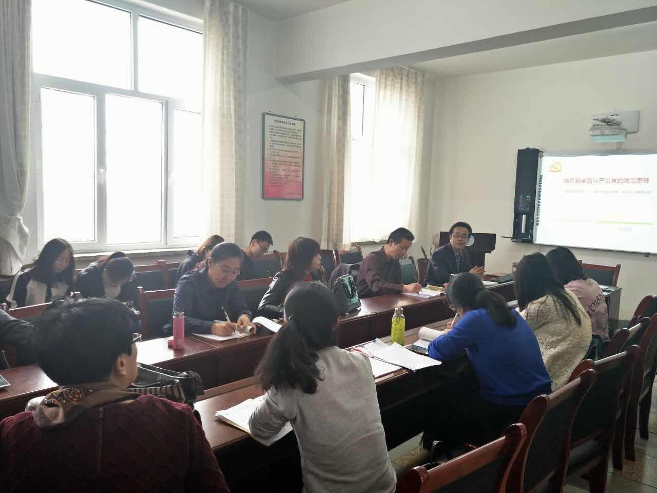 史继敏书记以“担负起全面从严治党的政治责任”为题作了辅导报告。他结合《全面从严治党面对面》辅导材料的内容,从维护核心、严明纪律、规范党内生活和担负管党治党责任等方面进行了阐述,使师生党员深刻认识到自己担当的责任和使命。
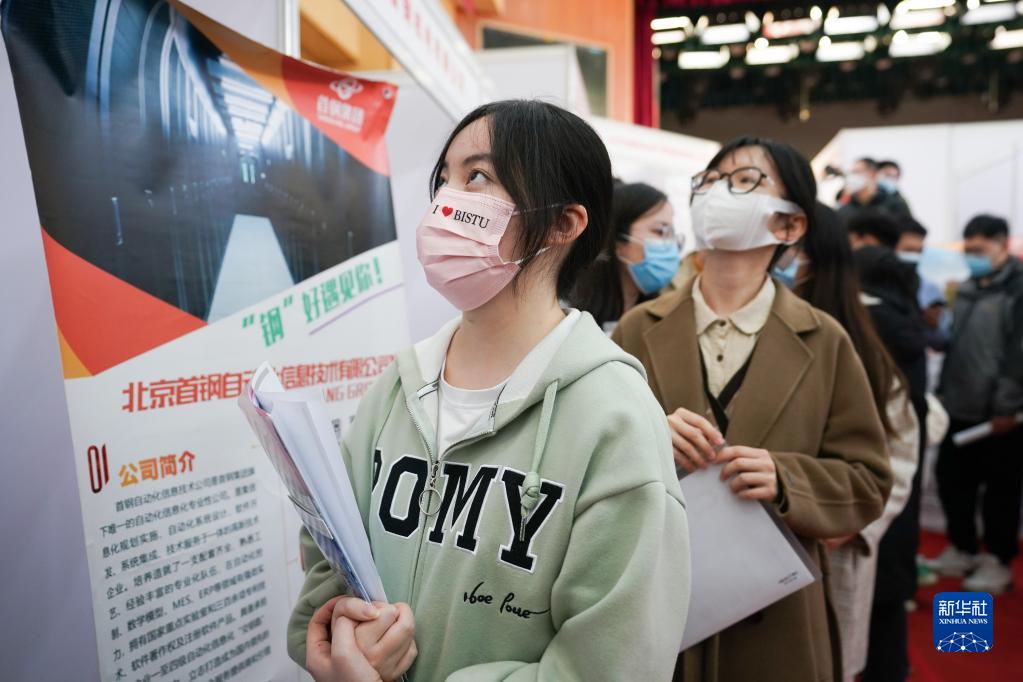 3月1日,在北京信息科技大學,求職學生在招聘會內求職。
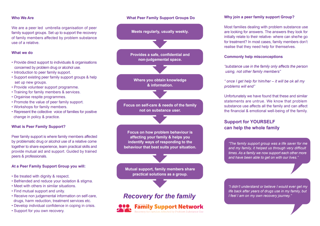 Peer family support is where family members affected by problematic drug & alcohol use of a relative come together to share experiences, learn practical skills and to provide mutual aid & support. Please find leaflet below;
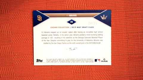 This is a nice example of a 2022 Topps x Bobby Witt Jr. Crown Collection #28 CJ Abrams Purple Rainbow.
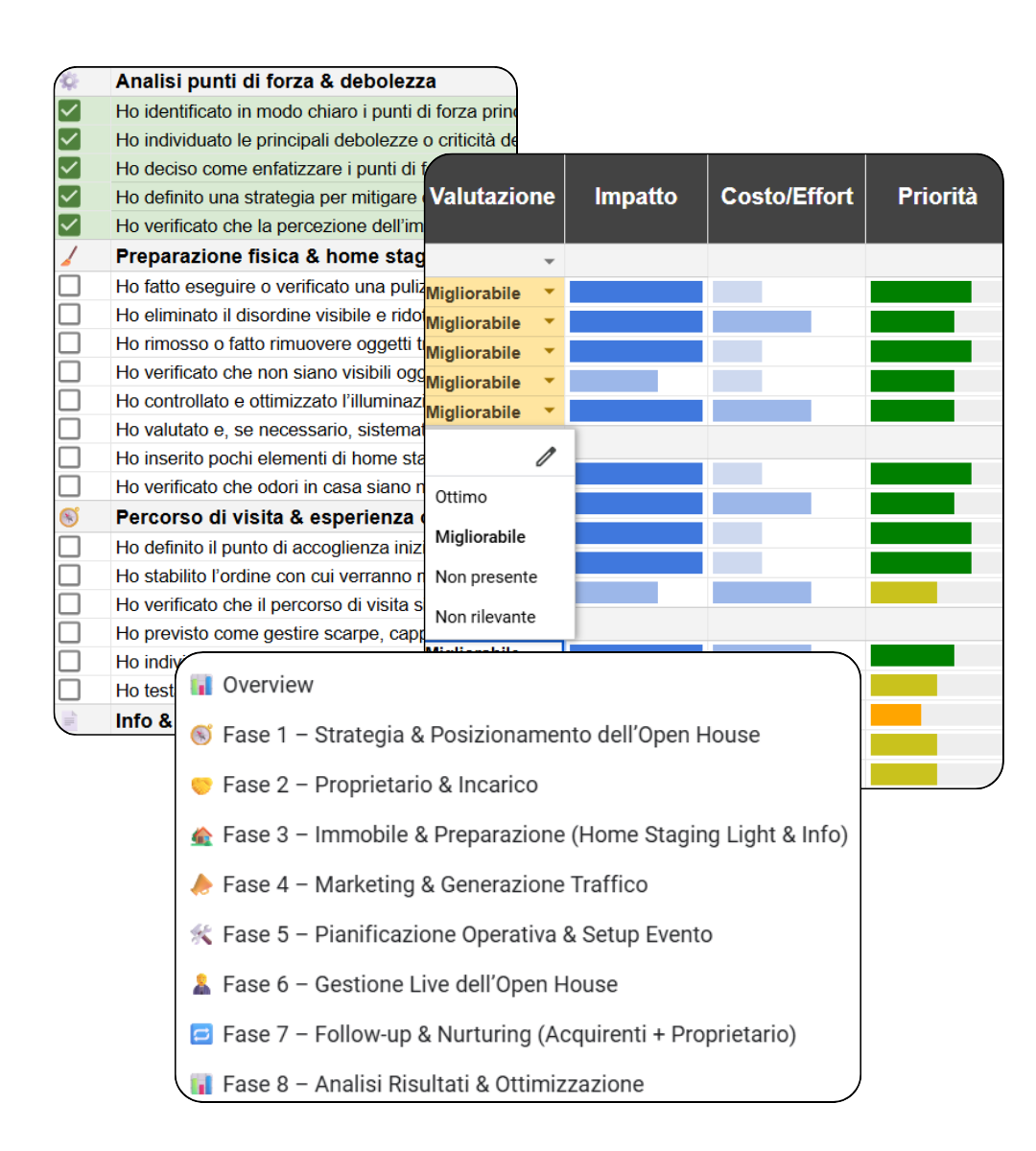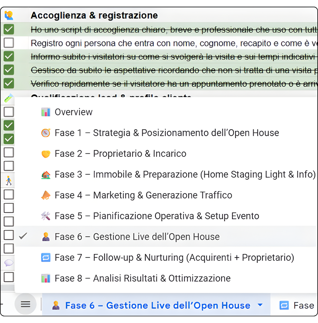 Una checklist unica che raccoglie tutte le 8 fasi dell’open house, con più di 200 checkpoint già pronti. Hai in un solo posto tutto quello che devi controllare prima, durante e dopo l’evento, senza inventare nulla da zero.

○ ○ ○ ○ ○ ○ ○

What this task involves:
Return exactly the line containing "Peer family support" and every line after it, up to and including the final line of the entries above. Pictures stay out.

Response for this exercise:
 Peer family support is where family members affected by problematic drug & alcohol use of a relative come together to share experiences, learn practical skills and to provide mutual aid & support. Please find leaflet below;
 This is a nice example of a 2022 Topps x Bobby Witt Jr. Crown Collection #28 CJ Abrams Purple Rainbow.
 Una checklist unica che raccoglie tutte le 8 fasi dell’open house, con più di 200 checkpoint già pronti. Hai in un solo posto tutto quello che devi controllare prima, durante e dopo l’evento, senza inventare nulla da zero.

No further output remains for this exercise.